"Without revelation, the people perish." Translated as the first part of Proverbs 29:18 in the King James version of the Bible, these few words say volumes about the state of reality. From the Bible's standpoint, revelation is communication, communication from God. Revelation describes the fact of God, presents the words of God; revelation discloses who God is.
Without revelation, as the writer says, we miss the point. We live in a closed world, a terminal system. We cannot see beyond ourselves. Revelation is the higher ideal, the greater meaning without which we cannot make sense of who we are. Absent revelation, we wallow in the speculations of our finitude, even while we remain fully aware of our tendency to look beyond it.
A few nights ago, I chatted with one of my nephews about religion. Long an atheist, he has now come to decide that society needs religion. Religion, he adds, in a materialistic sense, devoid of any supernatural appendage. In his mind, religion provides a social fabric, a basis upon which a society can construct a viable sense of itself.
To accomplish this, he observed, religion posits some type of higher ideal, an ideal that guides and frames social deliberation and exchange. Like (my words) revelation.
My point is that, despite the efforts of so-called "antifoundationalists" to prove that we do not need any guiding ideal to function rationally, we need a higher vision to make sense of our lives. I of course argue that this vision is embodied in the words of divine revelation; my nephew, and many others, will contend otherwise. Either way, we agree that we need a greater compass on our lives.

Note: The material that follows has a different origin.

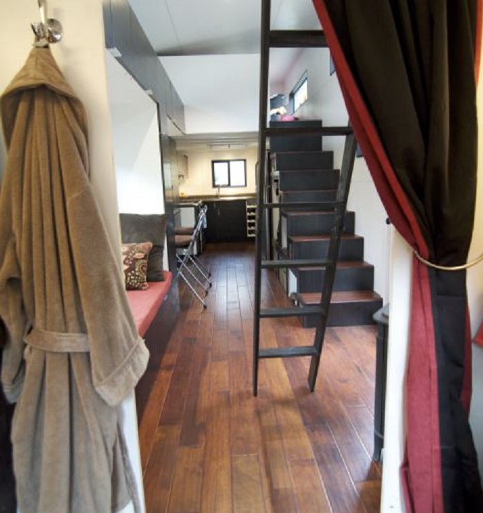 The tiny dwelling has everything that is available in an ordinary apartment, including a shower and toilet. The bathroom is very comfortable and allows you to wash with convenience. The spouses seem to have enough space in this tiny house.

So whose revelation is right? All of them? None of them? If we strip religion of its supernatural dimensions, we are left with a revelation of ourselves and our ideals, ideals which we and ourselves, and only we and ourselves, assess and judge. And how do we ultimately know? It seems that revelation and greater vision are most meaningful if they reflect the vision of a reality out of which this present one comes.